For a full example of how a C/C++ binding works, check out my separate notebook (TOO BE WRITTEN).

## Installing `llama-cpp-python`

First, we need to [install](https://llama-cpp-python.readthedocs.io/en/latest/#installation) `llama-cpp-python` via `pip install llama-cpp-python`.

[Upgrading](https://llama-cpp-python.readthedocs.io/en/latest/#upgrading-and-reinstalling) is done via `pip install llama-cpp-python  --upgrade --force-reinstall --no-cache-dir`.

In [1]:
#!pip install llama-cpp-python
#!pip install llama-cpp-python  --upgrade --force-reinstall --no-cache-dir

## Downloading the model

In this notebook, I am using the following model: [TheBloke/Llama-2-7b-Chat-GGUF](https://huggingface.co/TheBloke/Llama-2-7b-Chat-GGUF)

To download the model, please execute the cell below, assuming that you have stored your Hugging Face access token in the `.env`-file.

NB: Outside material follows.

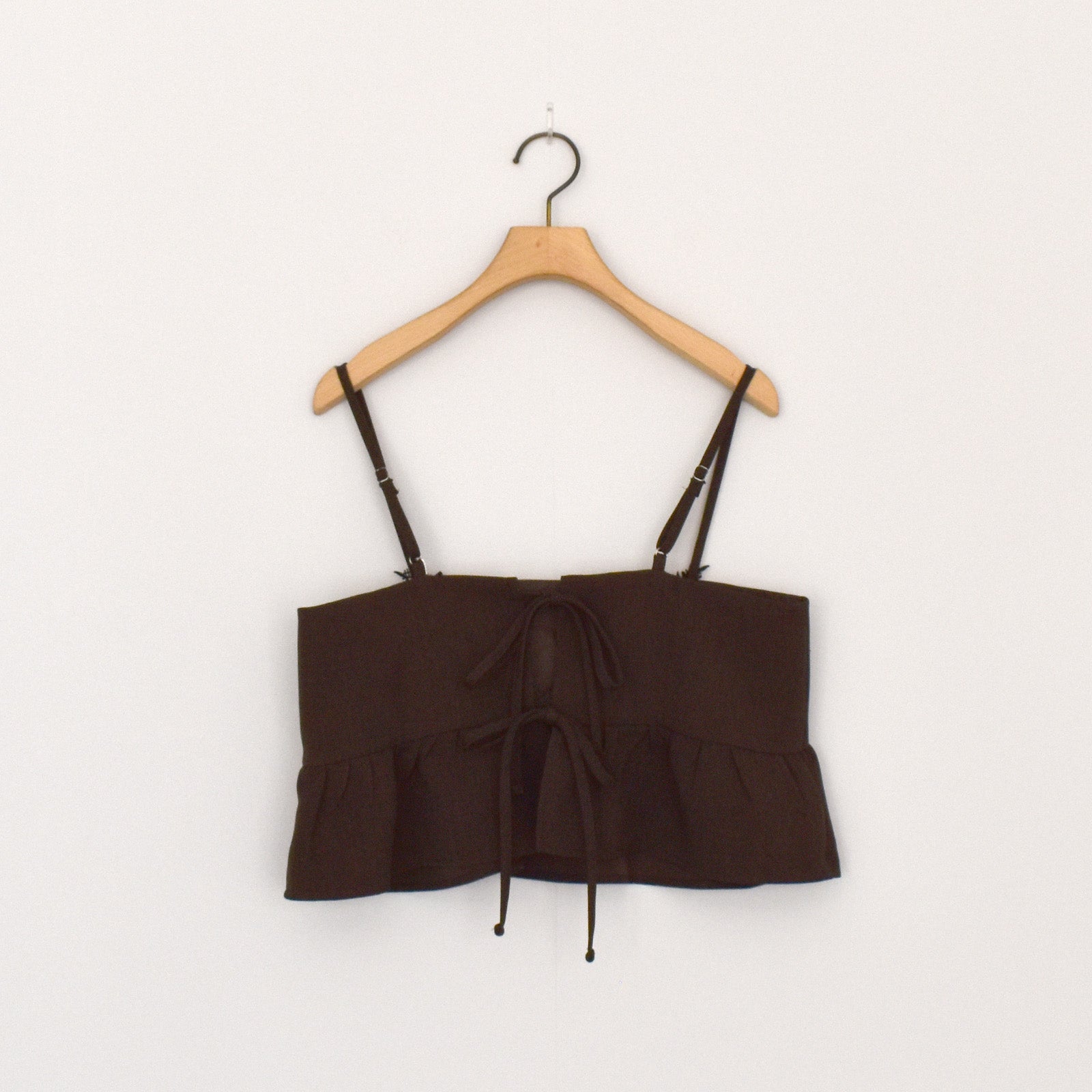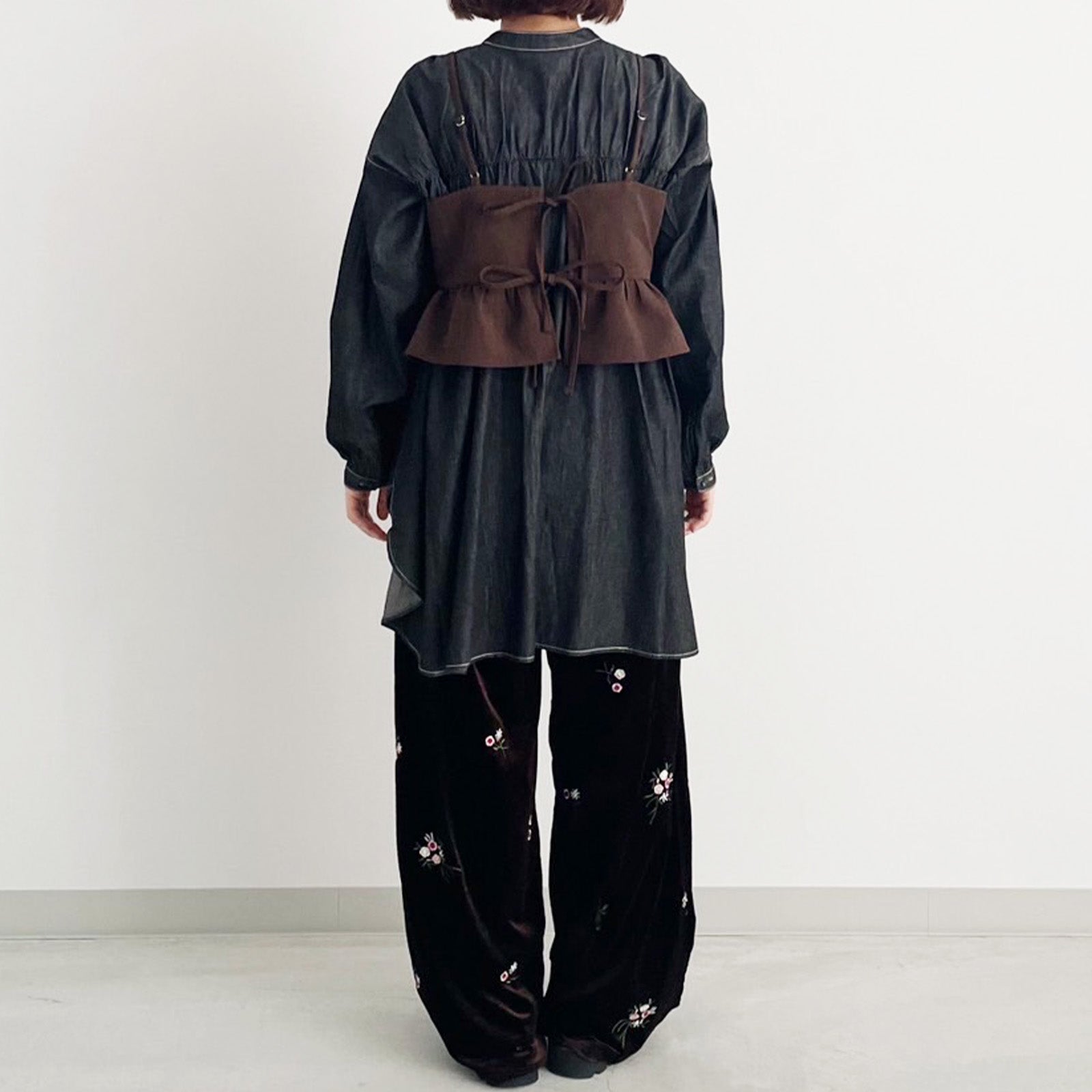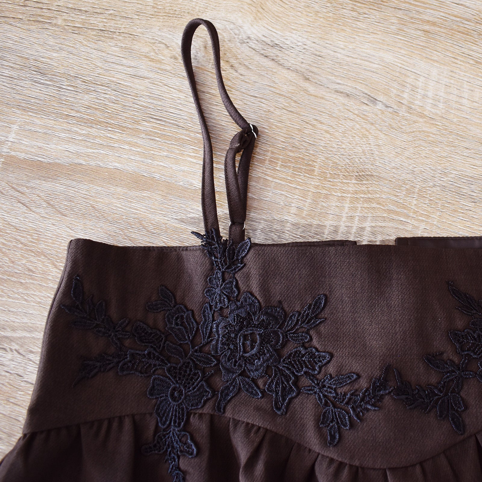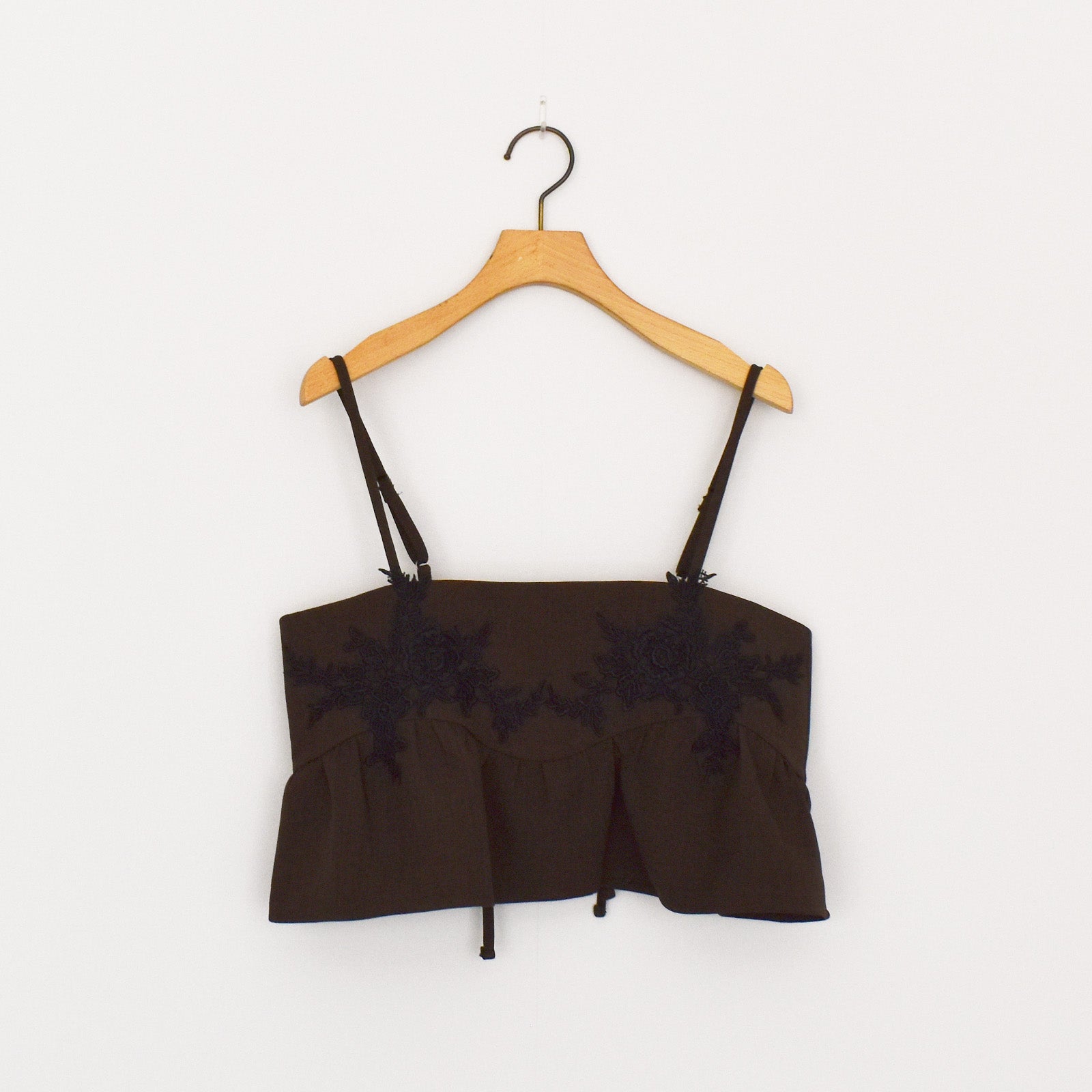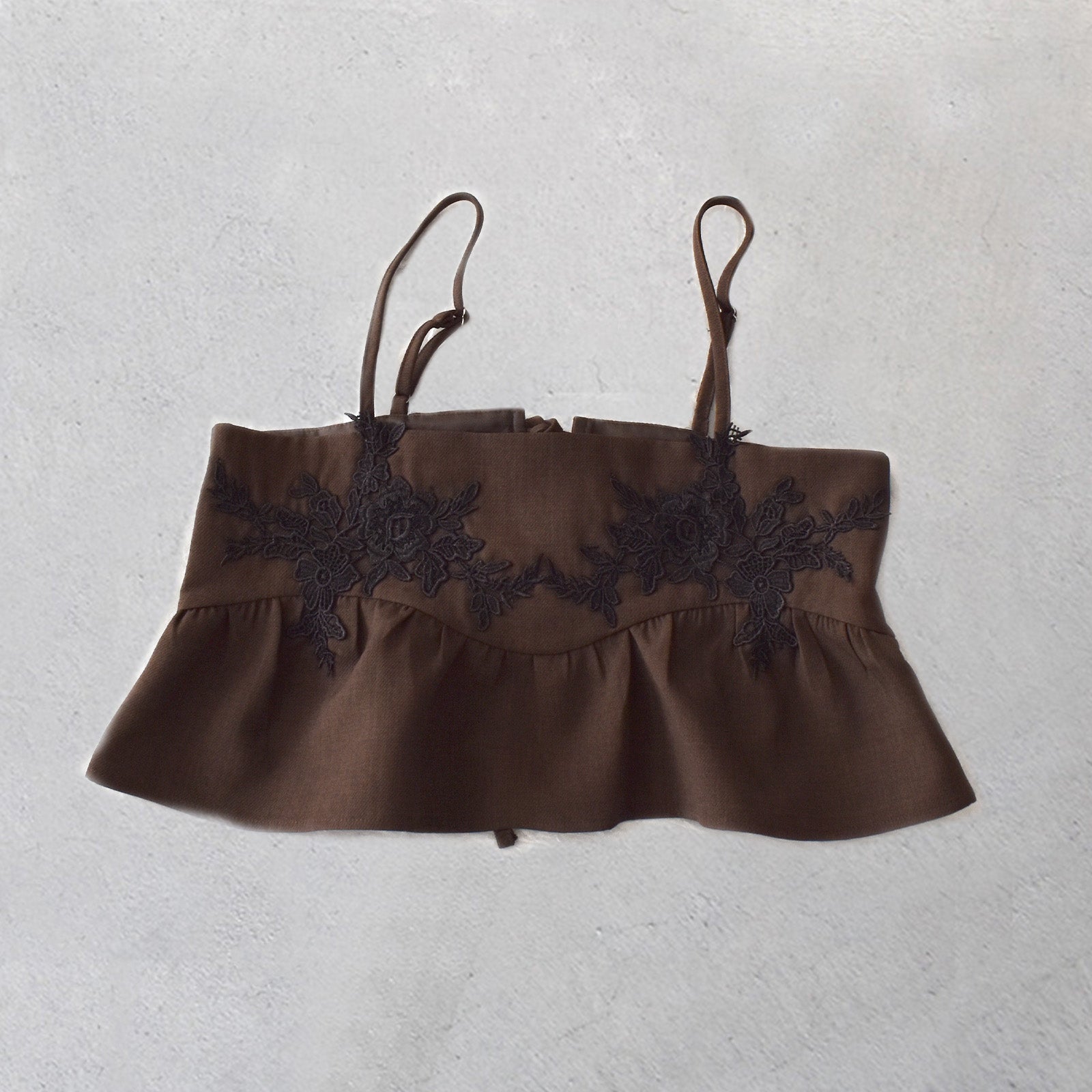 繊細なフラワーレースモチーフがあしらわれたビスチェ。
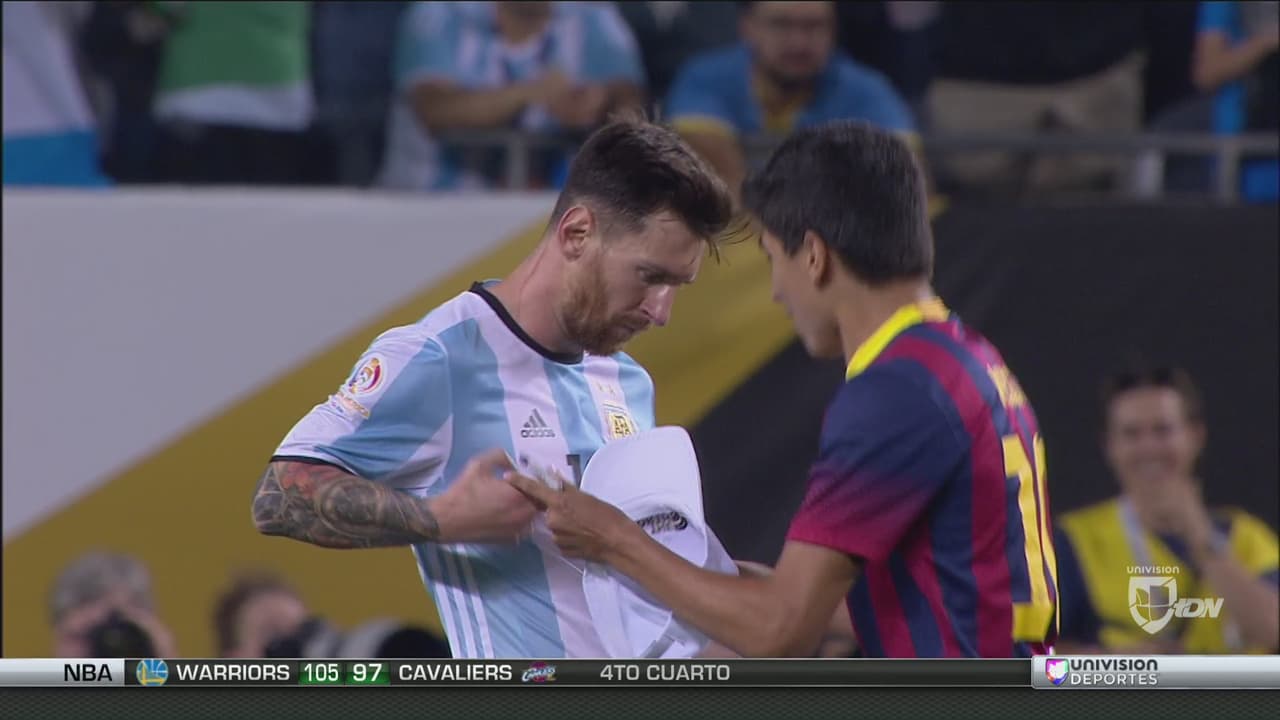 Después de conseguir un triplete, el delantero argentino le dio un autógrafo a un aficionado que invadió el campo para abrazar a Messi.

For additional insights/troubleshooting, please also check out [my previous notebook](https://github.com/chrwittm/lm-hackers/blob/main/20-local-llama-on-mac/10-running-llm-on-mac1-hf.ipynb):

In [4]:
from dotenv import load_dotenv
import os

load_dotenv()
token = os.getenv('HF_TOKEN')
os.environ['HF_TOKEN'] = token
!huggingface-cli login --token $HF_TOKEN
!wget -P ../models https://huggingface.co/TheBloke/Llama-2-7B-Chat-GGUF/resolve/main/llama-2-7b-chat.Q4_K_M.gguf

Token will not been saved to git credential helper. Pass `add_to_git_credential=True` if you want to set the git credential as well.
Token is valid (permission: read).
Your token has been saved to /Users/chrwittm/.cache/huggingface/token
Login successful
--2024-01-30 07:54:55--  https://huggingface.co/TheBloke/Llama-2-7B-Chat-GGUF/resolve/main/llama-2-7b-chat.Q4_K_M.gguf
Resolving huggingface.co (huggingface.co)... 2600:9000:2240:fa00:17:b174:6d00:93a1, 2600:9000:2240:c600:17:b174:6d00:93a1, 2600:9000:2240:7800:17:b174:6d00:93a1, ...
Connecting to huggingface.co (huggingface.co)|2600:9000:2240:fa00:17:b174:6d00:93a1|:443... connected.
HTTP request sent, awaiting response... 302 Found
Location: https://cdn-lfs.huggingface.co/repos/b0/ca/b0cae82fd4b3a362cab01d17953c45edac67d1c2dfb9fbb9e69c80c32dc2012e/08a5566d61d7cb6b420c3e4387a39e0078e1f2fe5f055f3a03887385304d4bfa?response-content-disposition=attachment%3B+filename*%3DUTF-8%27%27llama-2-7b-chat.Q4_K_M.gguf%3B+filename%3D%22llama-2-7b-ch

## Loading the Model

Loading the model, only required 2 lines of code (see below). Before we execute the cell, let's talk about the parameters:

- `n_ctx=2048`: This sets the context window to 2048 tokens. The maximum number of tokens for this model is 4096.
- `verbose=False`: This makes the model less talkative. It only prints the actual results when prompted. Please try turning it to `True` to see the result.

In [1]:
from llama_cpp import Llama
llm = Llama(model_path="../models/Llama-2-7b-chat/llama-2-7b-chat.Q4_K_M.gguf", n_ctx=2048, verbose=False)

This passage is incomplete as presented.